Repeat the records below verbatim, and do not copy their pictures.

== Records for this task ==

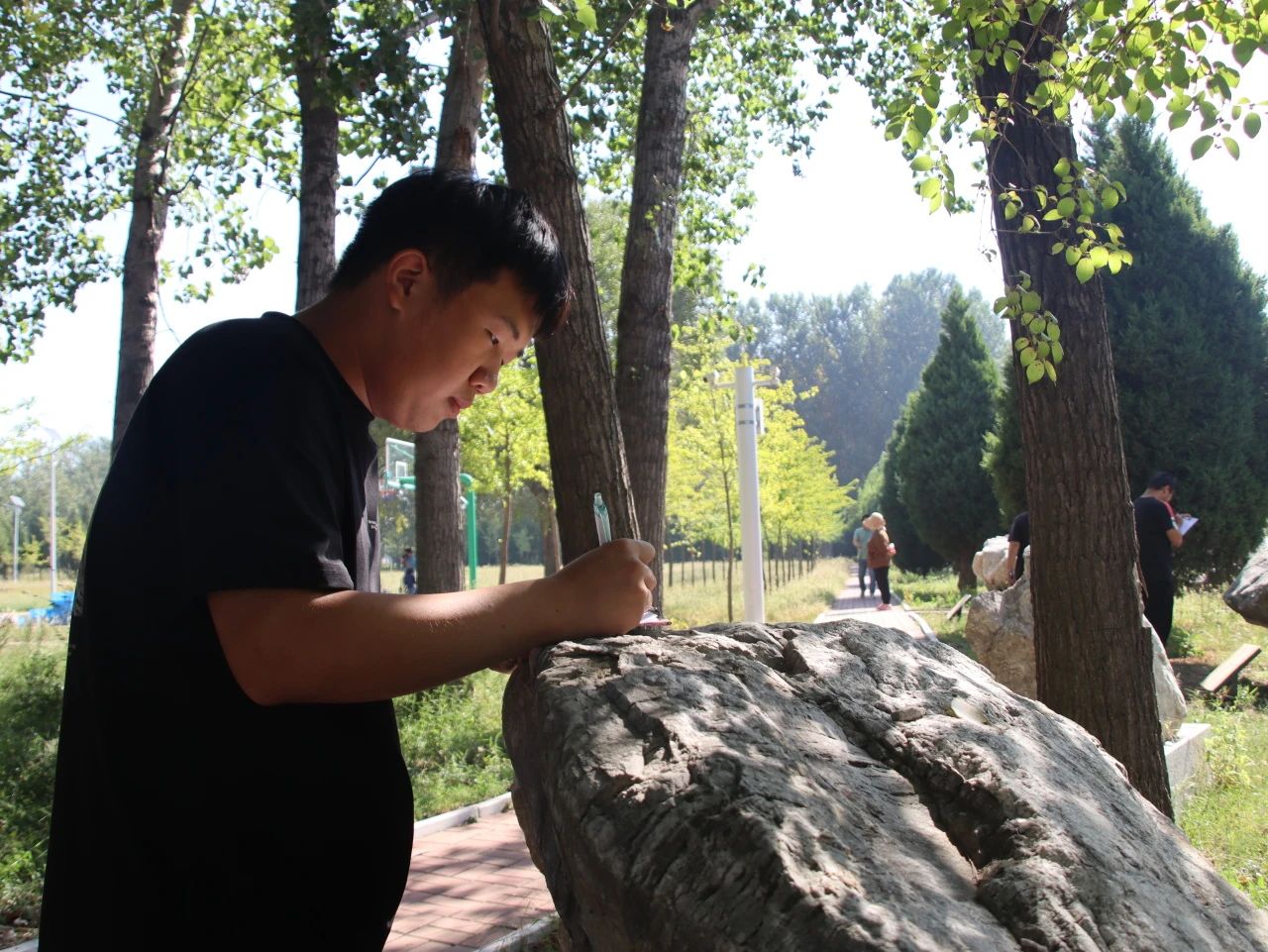 决赛环节竞争更为激烈,选手们进行更为复杂的理论和实践综合考核,展示他们扎实的地质理论知识和实际操作技能。决赛包括岩石鉴定和综合地质技能两个部分,晋级选手被分为5组分别进行两个部分的比赛,同学们以室内所学为基础,以野外所见为经验,利用小刀、罗盘、放大镜和盐酸等基础地质备品就五块岩石标本分别进行鉴定描述,以及针对具体岩石露头独立完成岩石露头点观察。经过紧张激烈的角逐,最终根据三轮测试综合评定出一等奖10名,二等奖15名,三等奖25名。
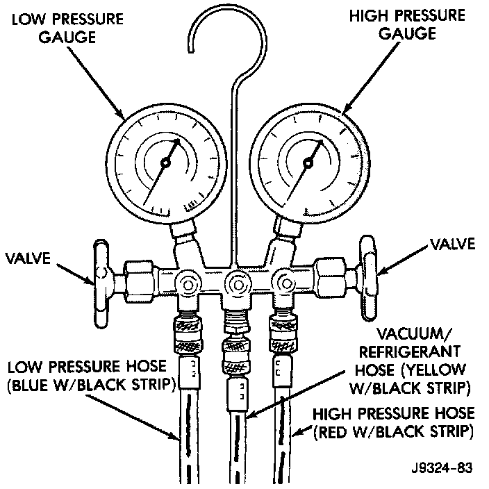 A manifold gauge set may be needed with some charging and/or recovery/recycling devices. The service hoses on the gauge set being used should have manual (turn wheel), or automatic back-flow valves at the service port connector ends. This will prevent refrigerant from being released into the atmosphere.
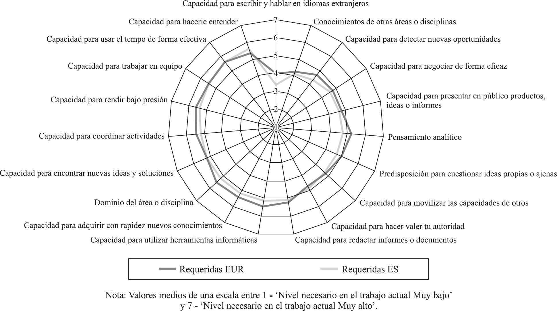 Como se puede apreciar en la figura 1 las capacidades más valoradas en el ámbito educativo en España son: capacidad para hacerse entender, capacidad para usar el tiempo de manera efectiva, capacidad de trabajar en equipo, capacidad de rendir bajo presión, capacidad para coordinar actividades, capacidad para encontrar nuevas ideas y soluciones, dominio de áreas o disciplinas, capacidad para adquirir con rapidez nuevos conocimientos, capacidad para utilizar herramientas informáticas. Estas capacidades son las más destacadas según la ANECA, y a continuación se van a analizar qué competencias son las que se solicitan en las ofertas laborales reales.
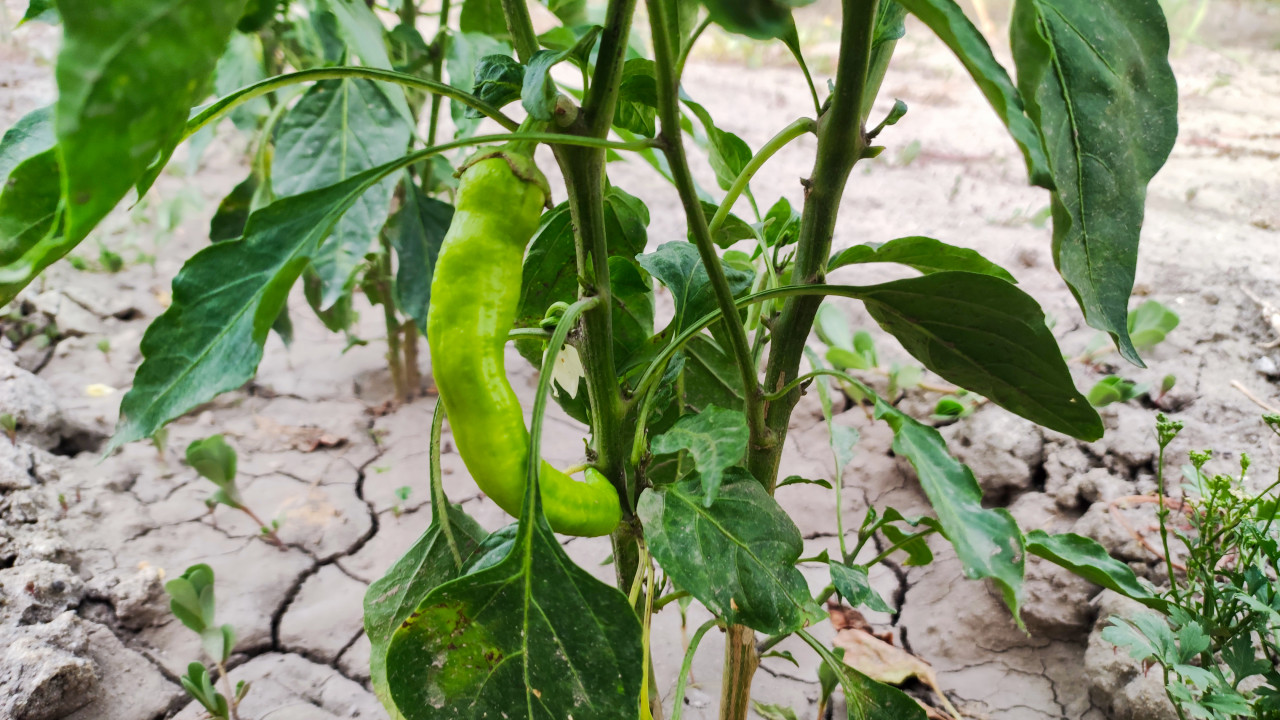 На фото показан длинный зелёный плод острого перца, свисающий на кусте среди тёмно-зелёных листьев. Стебель подвязан к опоре, рядом видны боковые побеги и листья с естественными следами роста. Фон размытый: растрескавшаяся почва, молодые всходы и другие растения на грядке, что указывает на приусадебный огород. Съёмка сделана летом (июль) при дневном естественном свете и фиксирует стадию технической зрелости, когда перец ещё не сменил окраску. Изображение подходит для статей о выращивании перца, дачном хозяйстве, домашнем урожае, здоровом питании и сельскохозяйственных культурах.
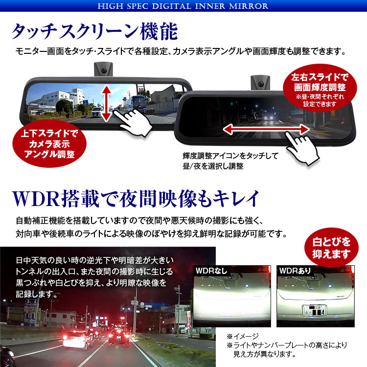 逆光に強いWDR搭載により明暗差を補正し鮮明で綺麗な映像を表示。悪天候(雨や雪、霧、夜間の路面凍結)時に視認性を高めます。
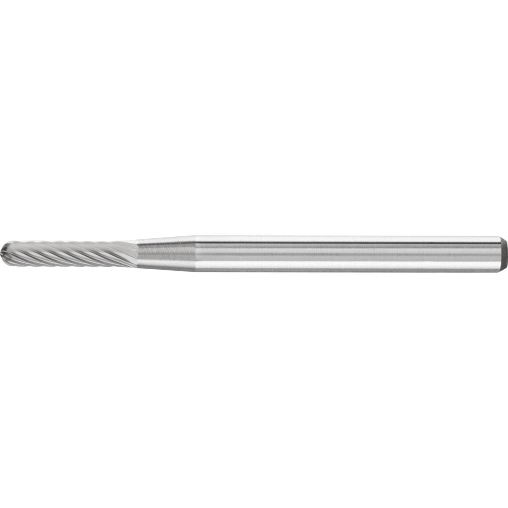 Cylindrisk fil med rundad topp enligt DIN 8032 med tandning enligt DIN 8033. Kombination av cylindrisk och kulformig geometrisk form. GL = totallängd (homogen hårdmetall) SL = skaftlängd (långt stålskaft)
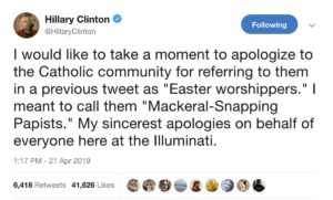 Funny, but with our current Pope, PopeWatch suspects that Hillary wishes that Catholics were more papist, her understanding of that term being the usual Protestant misunderstanding of “slavish devotion” to the Pope as characterizing faithful Catholics, whereas upholding Catholic orthodoxy is the true hallmark of faithful Catholics.
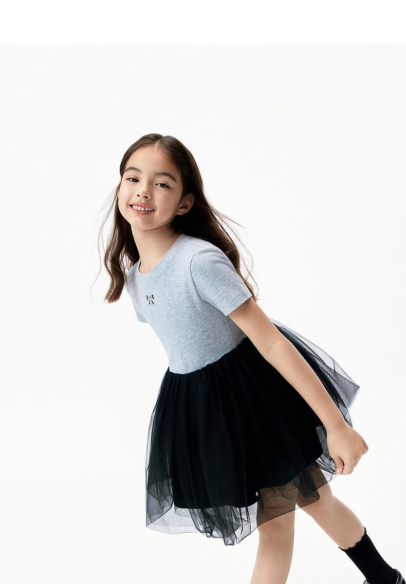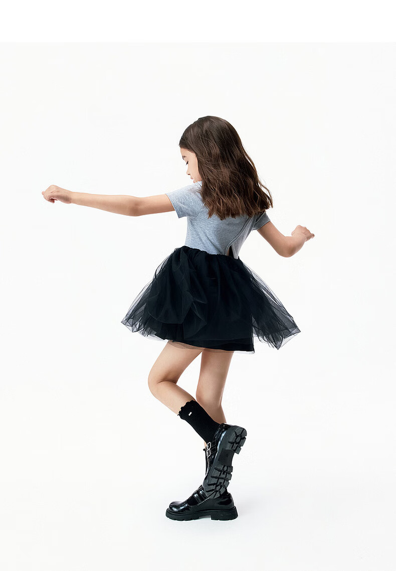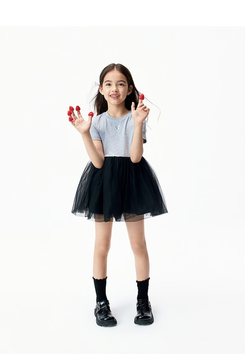 Little MO&Co.little moco children's clothing 26 summer new style girls ballet style princess skirt dress mesh skirt skirt medium flower gray 120 120/60
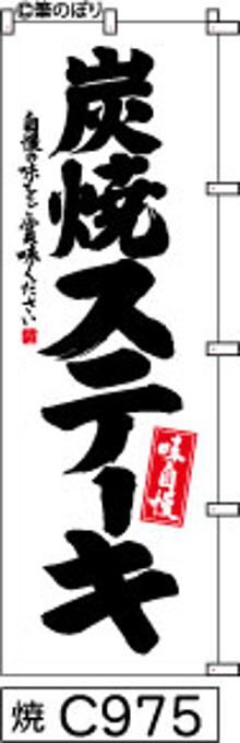 「のぼり【炭焼きステーキ】白地に黒の手書き筆文字[焼C975](商標登録番号6807113)」
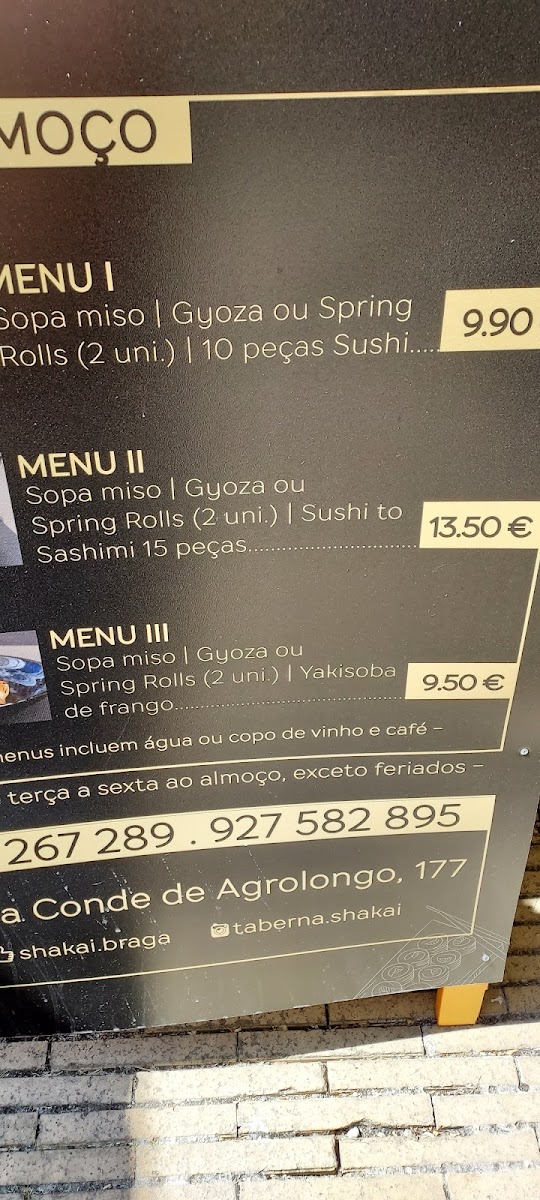 If you're looking for a delightful dining experience, the Taberna Shakai Menu offers an inviting blend of traditional and contemporary flavors. Located in the heart of Braga at Praça Conde de Agrolongo 177, this restaurant serves up a menu that is both comforting and exciting, perfect for any occasion. The dishes are crafted with care, featuring local ingredients that bring the authentic taste of Portugal to every bite. Whether you're in the mood for a hearty meal or a lighter option, there’s something for everyone here. The vibrant atmosphere complements the food, making it a great spot to relax with friends or enjoy a cozy dinner. Take a moment to explore their diverse offerings - you won’t be disappointed!
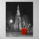 Christ Church on Turnham Green, Chiswick in black and white with red telephone boxes
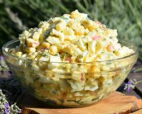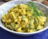 Для начала нужно отварить картофель в мундире. Яйца сварить вкрутую. Вареный картофель очистить и нарезать небольшими кубиками. Очищенные яйца тоже нарезать кубиками. Очищенные яйца тоже нарезать кубиками. Если крабовые палочки замороженные, разморозить и нарезать кубиками.
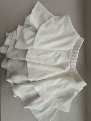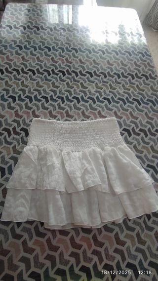 Falda corta de verano en blanca.Talla 42-44.Cintura elástica.Tejido tela perforada con forro interior de tela fina..Tiene bolsillos.Marca Girasoles.
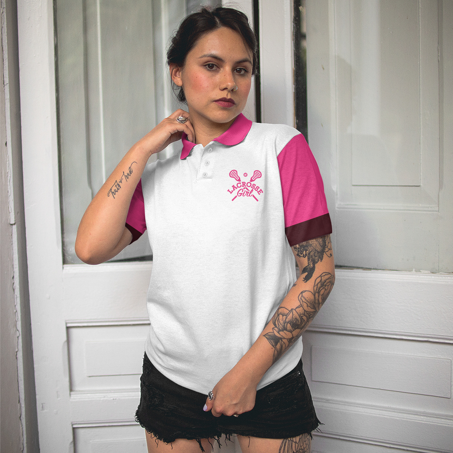 Don't Let Skirt Fool You Lacrosse Short Sleeve Women Polo Shirt, White And Pink Lacrosse Shirt For Ladies, Polo Shirt For Women, Gift For Women Golfers
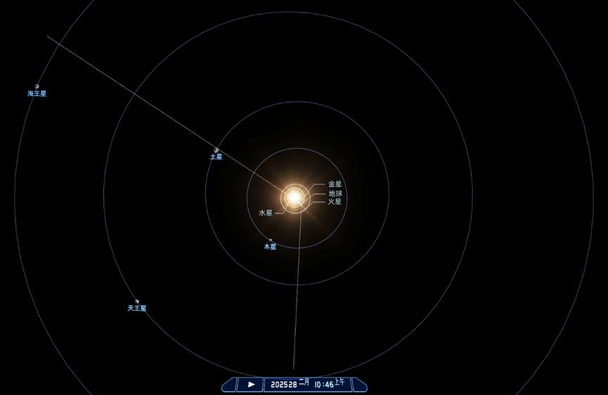 模拟2025年2月28日太阳系空间视角。上海天文馆供图
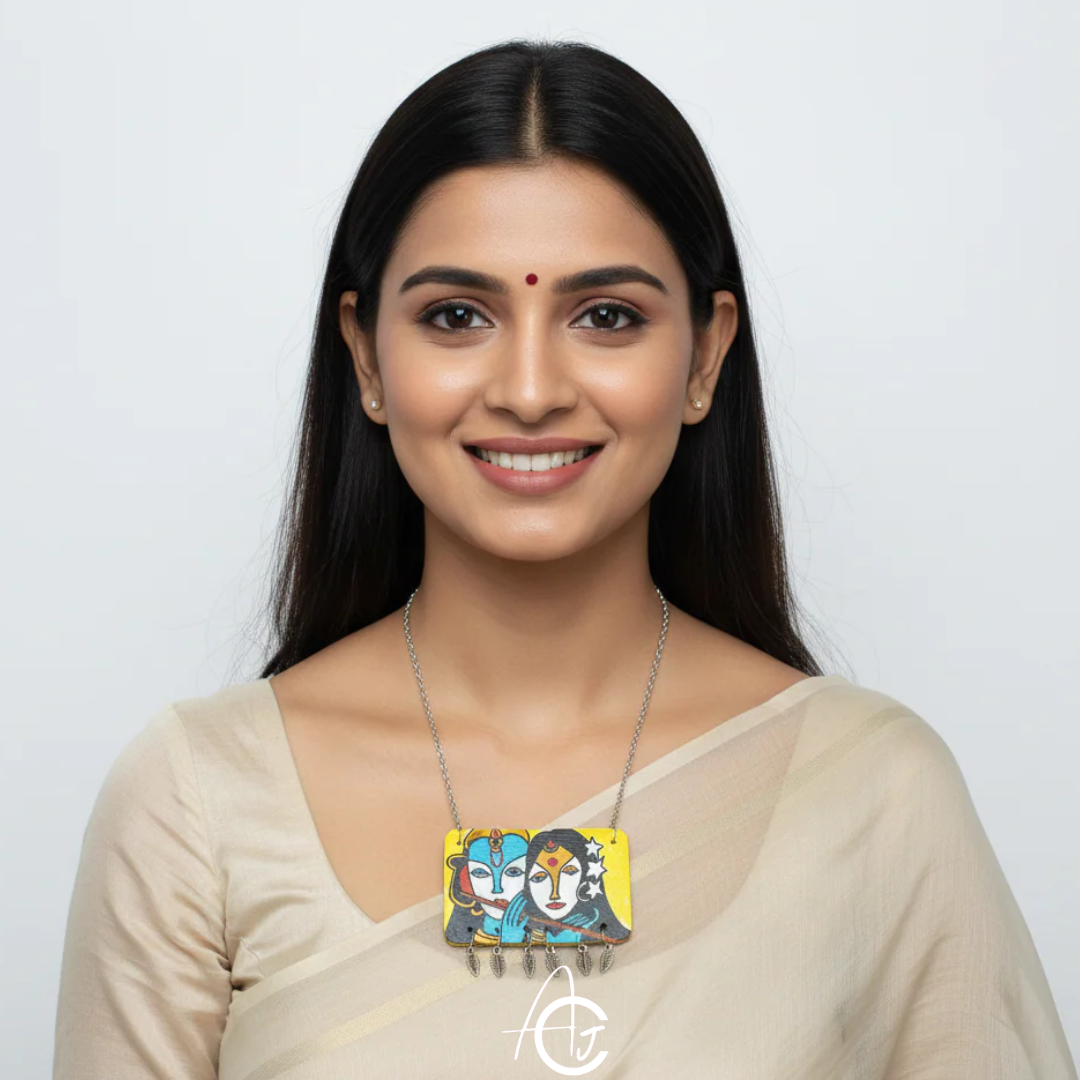 This bright necklace is designed and painted by hand, by team ArtsCrafted. Silver neckchain and beautiful charms match well with centrepiece. This beautiful piece is a must have in your jewellery collection.
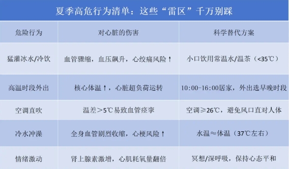 人体为散热扩张体表血管,导致心脏供血被“分流”。同时血压波动加剧,心脏负荷加重,诱发心绞痛甚至心梗。

===

Answer area =
 决赛环节竞争更为激烈,选手们进行更为复杂的理论和实践综合考核,展示他们扎实的地质理论知识和实际操作技能。决赛包括岩石鉴定和综合地质技能两个部分,晋级选手被分为5组分别进行两个部分的比赛,同学们以室内所学为基础,以野外所见为经验,利用小刀、罗盘、放大镜和盐酸等基础地质备品就五块岩石标本分别进行鉴定描述,以及针对具体岩石露头独立完成岩石露头点观察。经过紧张激烈的角逐,最终根据三轮测试综合评定出一等奖10名,二等奖15名,三等奖25名。
 A manifold gauge set may be needed with some charging and/or recovery/recycling devices. The service hoses on the gauge set being used should have manual (turn wheel), or automatic back-flow valves at the service port connector ends. This will prevent refrigerant from being released into the atmosphere.
 Como se puede apreciar en la figura 1 las capacidades más valoradas en el ámbito educativo en España son: capacidad para hacerse entender, capacidad para usar el tiempo de manera efectiva, capacidad de trabajar en equipo, capacidad de rendir bajo presión, capacidad para coordinar actividades, capacidad para encontrar nuevas ideas y soluciones, dominio de áreas o disciplinas, capacidad para adquirir con rapidez nuevos conocimientos, capacidad para utilizar herramientas informáticas. Estas capacidades son las más destacadas según la ANECA, y a continuación se van a analizar qué competencias son las que se solicitan en las ofertas laborales reales.
 На фото показан длинный зелёный плод острого перца, свисающий на кусте среди тёмно-зелёных листьев. Стебель подвязан к опоре, рядом видны боковые побеги и листья с естественными следами роста. Фон размытый: растрескавшаяся почва, молодые всходы и другие растения на грядке, что указывает на приусадебный огород. Съёмка сделана летом (июль) при дневном естественном свете и фиксирует стадию технической зрелости, когда перец ещё не сменил окраску. Изображение подходит для статей о выращивании перца, дачном хозяйстве, домашнем урожае, здоровом питании и сельскохозяйственных культурах.
 逆光に強いWDR搭載により明暗差を補正し鮮明で綺麗な映像を表示。悪天候(雨や雪、霧、夜間の路面凍結)時に視認性を高めます。
 Cylindrisk fil med rundad topp enligt DIN 8032 med tandning enligt DIN 8033. Kombination av cylindrisk och kulformig geometrisk form. GL = totallängd (homogen hårdmetall) SL = skaftlängd (långt stålskaft)
 Funny, but with our current Pope, PopeWatch suspects that Hillary wishes that Catholics were more papist, her understanding of that term being the usual Protestant misunderstanding of “slavish devotion” to the Pope as characterizing faithful Catholics, whereas upholding Catholic orthodoxy is the true hallmark of faithful Catholics.
 Little MO&Co.little moco children's clothing 26 summer new style girls ballet style princess skirt dress mesh skirt skirt medium flower gray 120 120/60
 「のぼり【炭焼きステーキ】白地に黒の手書き筆文字[焼C975](商標登録番号6807113)」
 If you're looking for a delightful dining experience, the Taberna Shakai Menu offers an inviting blend of traditional and contemporary flavors. Located in the heart of Braga at Praça Conde de Agrolongo 177, this restaurant serves up a menu that is both comforting and exciting, perfect for any occasion. The dishes are crafted with care, featuring local ingredients that bring the authentic taste of Portugal to every bite. Whether you're in the mood for a hearty meal or a lighter option, there’s something for everyone here. The vibrant atmosphere complements the food, making it a great spot to relax with friends or enjoy a cozy dinner. Take a moment to explore their diverse offerings - you won’t be disappointed!
 Christ Church on Turnham Green, Chiswick in black and white with red telephone boxes
 Для начала нужно отварить картофель в мундире. Яйца сварить вкрутую. Вареный картофель очистить и нарезать небольшими кубиками. Очищенные яйца тоже нарезать кубиками. Очищенные яйца тоже нарезать кубиками. Если крабовые палочки замороженные, разморозить и нарезать кубиками.
 Falda corta de verano en blanca.Talla 42-44.Cintura elástica.Tejido tela perforada con forro interior de tela fina..Tiene bolsillos.Marca Girasoles.
 Don't Let Skirt Fool You Lacrosse Short Sleeve Women Polo Shirt, White And Pink Lacrosse Shirt For Ladies, Polo Shirt For Women, Gift For Women Golfers
 模拟2025年2月28日太阳系空间视角。上海天文馆供图
 This bright necklace is designed and painted by hand, by team ArtsCrafted. Silver neckchain and beautiful charms match well with centrepiece. This beautiful piece is a must have in your jewellery collection.
 人体为散热扩张体表血管,导致心脏供血被“分流”。同时血压波动加剧,心脏负荷加重,诱发心绞痛甚至心梗。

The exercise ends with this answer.